SSpMosaic integration

In this tutorial we showcase how to use SSpMosaic for data integration. Before SSpMosaic integration, the generate_module step should be executed on each batch of data individually, followed by running the network-propagation step as a whole.

Package loading

library(SSpMosaic)

Set the working directory

Users can replace this directory with an appropriate path when using

setwd('./')
current_dir <- getwd()
result_dir <- paste0(current_dir,'/result/')
data_dir <- paste0(current_dir,'/data/')

Data loading

The input data for SSpMosaic integration should be a Seurat object containing dimensionality reduction data (e.g., PCA results) , and there should be a column in its metadata that stores the batch information corresponding to each cell.In addition, the column represented by the cluster_col parameter input when running the generate_module function separately also needs to be retained.

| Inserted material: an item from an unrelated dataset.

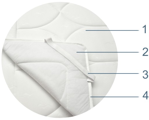 Nakładka PRESTIGE TOPPER PLUS starannie wykonana jest z czterech warstw materiałów przepikowanych razem ze sobą w spójny gruby i komfortowy topper. Wierzchnia warstwa to bardzo miła w dotyku i odporna na uszkodzenia mechaniczne antyalergiczna dzianina, pod którą kryją się dwie warstwy włókniny klimatyzującej 300 g/m² znacznie polepszającej cyrkulację powietrza oraz dodatkowa warstwa materiału poprawiająca wytrzymałość toppera. Krawędzie zabezpieczone i wykończone są odporną na przecieranie lamówką. Od spodu doszyte w rogach 4 gumki.
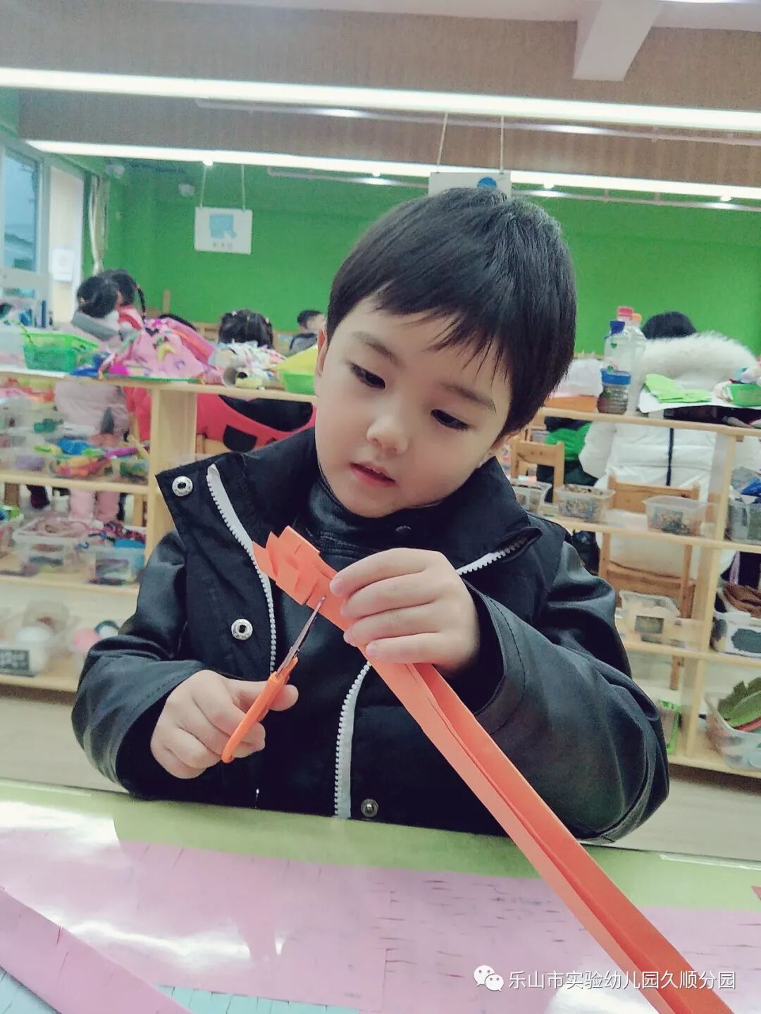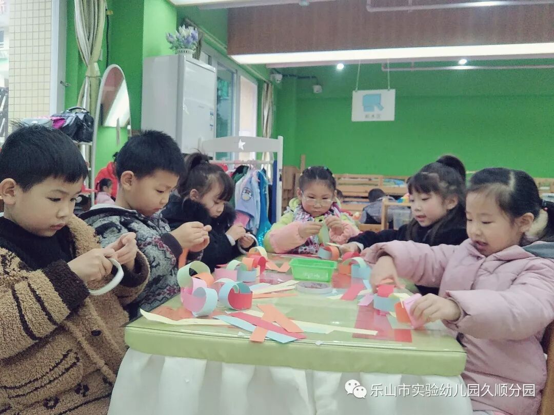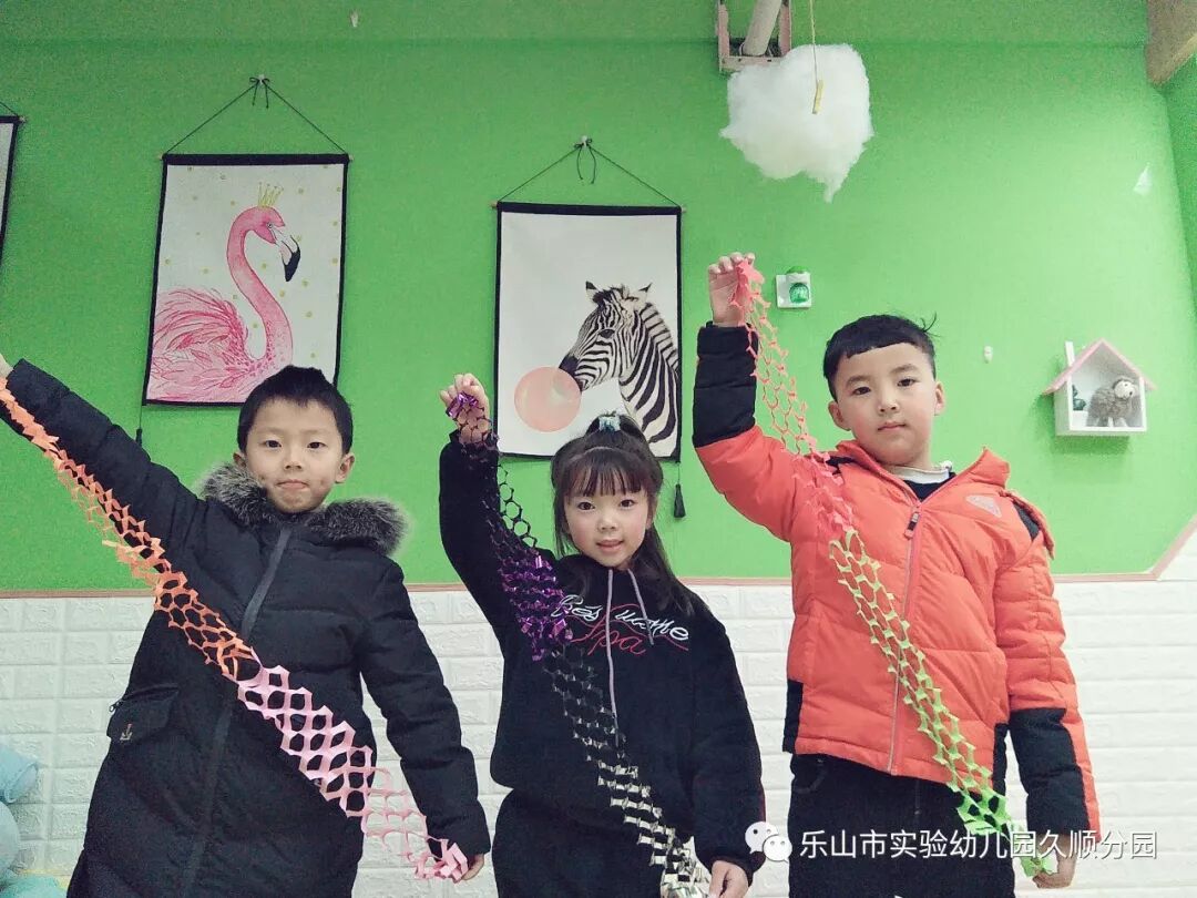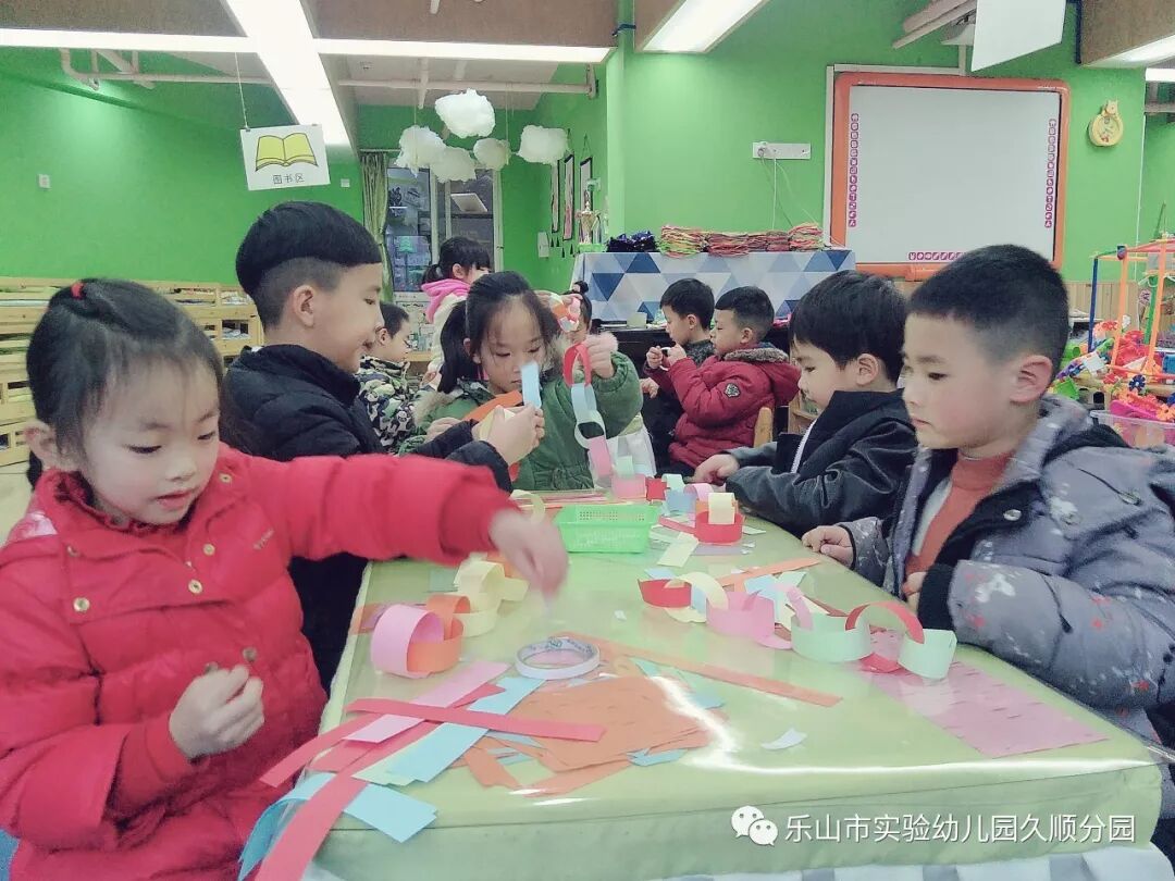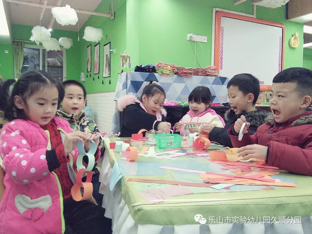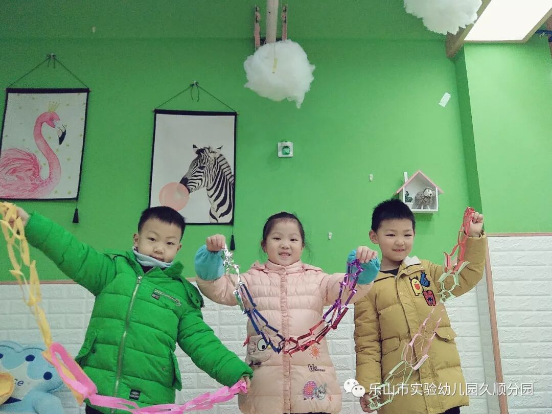 瞧,孩子们用彩纸、皱纹纸、油光纸亲自细心地剪纸条,用双面胶、订书机将纸条连在一起,做成了各式各样漂亮的拉花

The example data required to run this tutorial can be downloaded from https://drive.google.com/drive/folders/1Gz1oy30BcDSrKWqWWG8GPHcSXYsYWK6P.

seurat_object <- readRDS(paste0(data_dir,'PBMC_merged_data.rds'))

Program label assaignment

Combine the column representing batch information in the Seurat object’s metadata with the column represented by the cluster_col parameter in the generate_module function to generate the program label corresponding to each cell.

#Combine the column representing batch information(here column 'sample' ) and the cluster column used in generate_module function (here column 'Cluster')
seurat_object$program <- paste(seurat_object$sample,seurat_object$cluster,sep = '_')

Load program distance matrix

Load the distance matrix generated by the function gene_program_network_propagation_dist

The example distance matrix required to run this tutorial can be downloaded from https://drive.google.com/drive/folders/1Gz1oy30BcDSrKWqWWG8GPHcSXYsYWK6P.

distance_matrix <- read.csv(paste0(data_dir,'module_distance_matrix.csv'))
rownames(distance_matrix) <- distance_matrix[,1]
distance_matrix <- distance_matrix[,-1]

Metaprogram label assaignment

Run hierarchical clustering on the program distance matrix and cut the hierarchical clustering tree to assaign metaprogram label.

#Run hierarchical clustering
p <- pheatmap::pheatmap(1-distance_matrix,fontsize_row = 12,fontsize_col = 12,cellwidth = 12,cellheight = 12,clustering_method = 'mcquitty',silent = T)
#set seed for reproducibility
set.seed(123)
#Cut the hierarchical clustering tree
clu <- cutree(p$tree_row,3)
sub_clu <- clu[clu == 2]
clu <- clu[clu != 2]
clu[clu == 3] <- 2
#Run hierarchical clustering
p2 <- pheatmap::pheatmap(1-distance_matrix[names(sub_clu),names(sub_clu)],fontsize_row = 12,fontsize_col = 12,cellwidth = 12,cellheight = 12,clustering_method = 'mcquitty',silent = T)
#set seed for reproducibility
set.seed(123)
#Cut the hierarchical clustering tree
sub_clu <- cutree(p2$tree_row,2)
sub_clu <- sub_clu +2
#The correspondence between SSpMosaic metaprograms and programs
clu <- c(clu,sub_clu)
#Assign metaprogram labels to each cell based on the program labels according to the correspondence between SSpMosaic metaprograms and programs
meta_label <- ifelse(seurat_object$program %in% names(clu), 
                                 clu[seurat_object$program], 
                                 seurat_object$program)
#Save the metaprogram labels as a column in the Seurat object's metadata
seurat_object$meta_label <- meta_label

SSpMosaic integration

The function SSpMosaic_meta_integration.Seurat is used to run SSpMosaic integration on a Seurat object based on the batch labels as provided and metaprogram lables as generated above.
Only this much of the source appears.